As you can see, everything is still correct: the probe addresses got the
prelink offset applied, and nothing else changed.  So how does this work?

It uses the .stapsdt.base section.  This is a special section we add to
the text.  All the .ifndef and comdat magic in the macro for this is
just there so that we only ever have one of these sections in a final
link and it's only ever one byte long.  Really it could be 0 bytes long,
but the linker swallows the section if we make it empty, so we pad it
with a byte (and alignment padding will usually mean that it consumes at
least one word in the binary's text segment).  Nothing about this
section itself matters, we just use it as a marker to detect prelink
address adjustments.

Each probe note records the link-time address of the .stapsdt.base
section alongside the probe PC address.  The decoder compares the base
address stored in the note with the .stapsdt.base section's sh_addr.
Initially these are the same, but the section header will be adjusted by
prelink.  So the decoder applies the difference to the probe PC address
to get the correct prelinked PC address.

I've put this magic into the macro and note format unconditionally, but
none of that is necessary for executables.  We could make it conditional
on #ifdef __PIC__.  But the cost (a word per note, plus the 1-byte
section of runtime rodata) seems small enough that it's nicer not to
bother with two variants of the format.

A library or application built using a custom linker script could
possibly remove, rename, or hide the .stapsdt.base section.  But that is
a rare thing to do (and even with some custom linker scripts, it may
well come through fine).  We do rely on the decoder in the translator
being able to find that section by name, but that is certainly no more
than the old .probes schemes relied on.


Now, some notes about the note format.

Note that the name of the notes section is not normative, and in a final
executable/DSO you might actually be looking at intermixed notes of
other kinds (follow the sdt-extractor.c example to consider all
appropriate sections and check all notes in them via gelf_getnote).
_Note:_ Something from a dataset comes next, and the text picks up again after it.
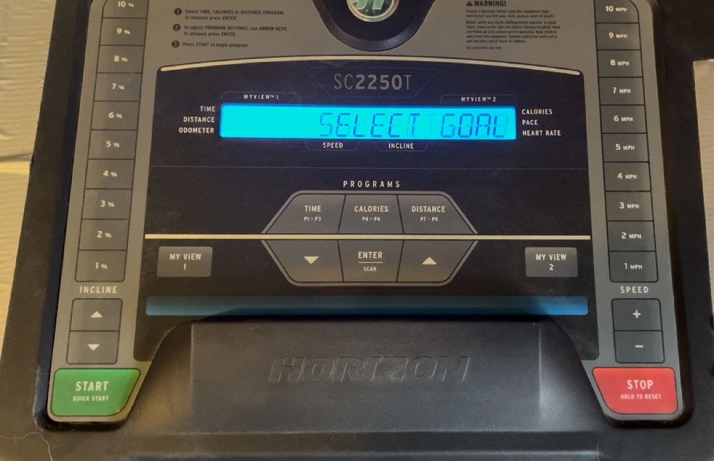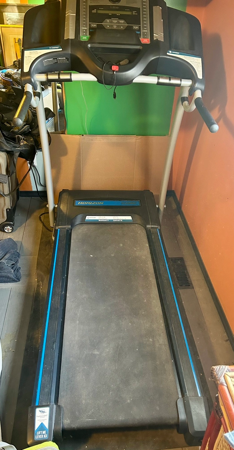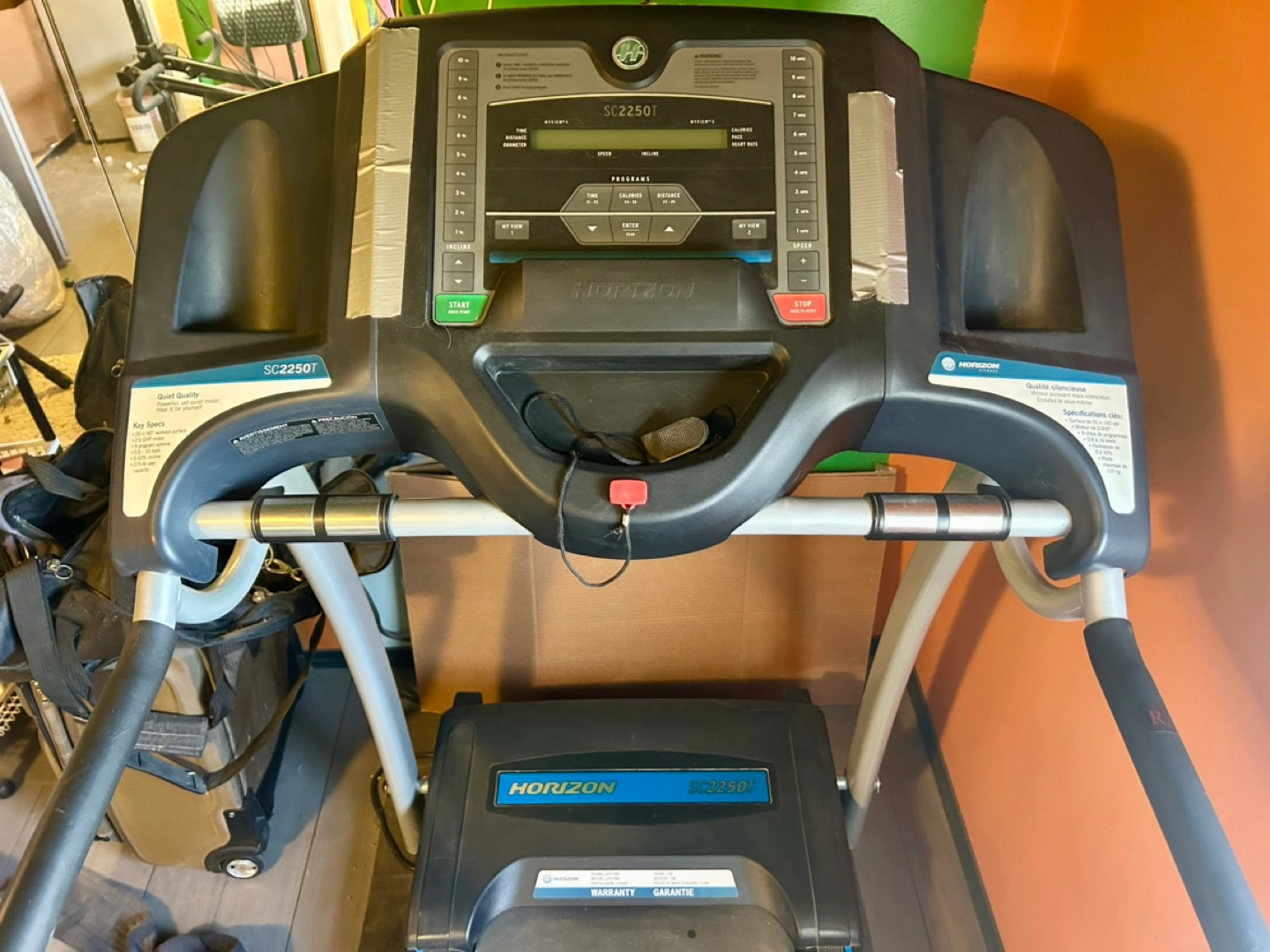 Used Horizon Fitness SC2250T treadmill. 20 x 50" workout surface. 2.0 CHP motor. 9 program options. 0-10% incline. 275-lb user capacity. Features FeatherLight Lift System.

The ELF note format is variable-sized and includes a "vendor string" and
a type code.  Both the header and the "payload" after that are aligned
to 4 bytes within the section.

We're using the string "stapsdt" and that give us complete control of
the meaning of that (32-bit) type code (GElf_Nhdr.n_type).  So if we
want to have different flavors of probes, or different encoding formats,
now or in the future, we can encode all such selections in that type
code.  For this discussion draft, I'm using just one flavor (intended
for uprobes probes, i.e. a nop) and n_type=3 (for "sdt v3").

After the note header, the n_descsz bytes are:

	probe PC address (4 or 8 bytes)
	link-time sh_addr of .stapsdt.base section (4 or 8 bytes)
	provider name (null-terminated string)
	probe name (null-terminated string)
	argument format (null-terminated string)
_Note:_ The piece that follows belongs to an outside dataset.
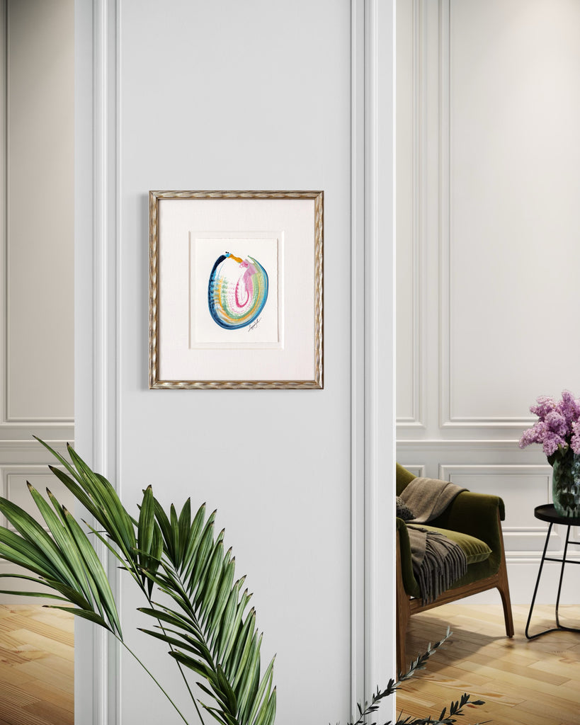 / "Joyful Connections-Circle" Original Gestural Art in Custom Wave Frame

Finally, I've made some changes to the v2 argument format string,
some trivial and one substantive.

* For no arguments, the string can be either "" or ":".
* Arguments can be separated by commas, whitespace, or both.
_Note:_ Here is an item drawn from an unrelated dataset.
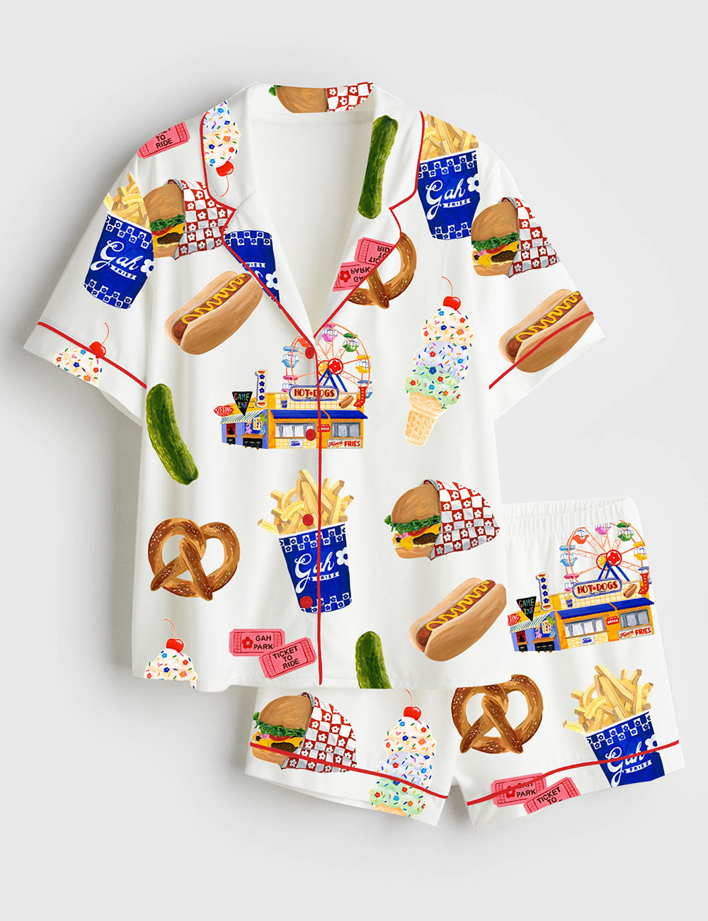 Women’s Summer Vibes Boardwalk Collection Short Sleeve Satin Pajama Set

These differences are just for the convenience of writing the macro nest.

* Sized arguments.

In looking at the proposed libpthread probes using v2 sdt.h, I noticed
that adding the probes introduced not only the nop instructions
themselves, but some extra code before them to sign-extend or
zero-extend int arguments (on the hot path, even adding register
pressure!).  We really don't want that perturbation of the code
generation just for the common situation of having int-typed probe
parameters on a 64-bit machine.

So, these macros do not cast a probe argument to size_t as the existing
macros do.  Instead, they just make it an rvalue of int or wider (by
doing a plain + 0).  That coerces short (and bitfields and whatever) to
int, and coerces array references to pointers.  So arguments will still
wind up integers, and be either 32 or 64 bits (on a 32-bit machine,
there could be a 64-bit probe argument, which would be forced into a
memory operand).

This is encoded in the argument format string.  Each argument might
still be a plain assembly operand (from hand-written assembly), in which
case you should assume it's meant to be natural word size, or perhaps
the word size indicated by the register syntax (e.g. %eax or %r11d on
x86-64 mean the low 32 bits only).  But normally each argument will look
like "N@OP" where OP is the actual assembly operand, and N is one of:

	4	32 bits unsigned
	-4	32 bits signed
	8	64 bits unsigned
	-8	64 bits signed

The signedness doesn't really matter for 64 bits, though you could
potentially still use it to choose %d vs %u formatting for $parms$
and that sort of thing.  The -4@ notation tells you that you need to
extract it as 32 bits (low 32 of a register, or only address 4 bytes
if a memory access) and sign-extend it to 64 bits for a stap long.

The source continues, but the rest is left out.